Ван Ань-ши опустил глаза и велел Цзян Цзюю прекратить этот разговор. Хозяин удалился. Прошло немало времени, пока он вернулся и сказал:

— Мне обещали только двух носильщиков для паланкина, третьего, оказалось, невозможно найти — так что смены у них не будет, но платить им придется за четырех. Лошадей совсем нет, я достал только одного мула да еще осла. Завтра в пятую стражу все соберутся у меня на постоялом дворе. Перед самым выступлением в путь дайте им немного серебра.

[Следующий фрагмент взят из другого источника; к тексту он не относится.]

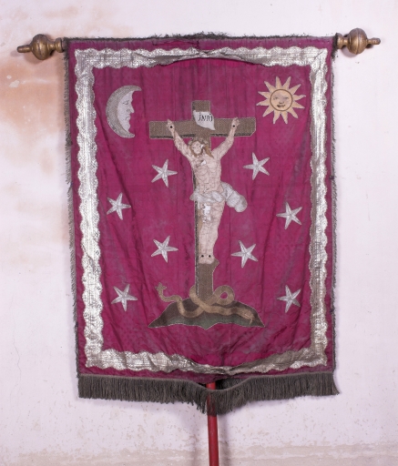 La bannière de procession est probablement celle achetée en 1806 par la fabrique.

Ван Ань-ши, которому довелось здесь услышать столько неприятных вещей, чувствовал себя очень неловко и готов был ехать на чем угодно, лишь бы поскорее оставить это место. «Есть двое носильщиков — и хорошо, — подумал он. — Поедем медленней. Вот только не хватает одного верхового животного. Но ничего не поделаешь, придется отдать осла Цзян Цзюю, а слуги пусть едут по очереди на муле». Он велел Цзян Цзюю, не торгуясь, уплатить хозяину постоялого двора сколько тот запросил, и Цзян Цзюй тут же отсчитал серебром эту сумму.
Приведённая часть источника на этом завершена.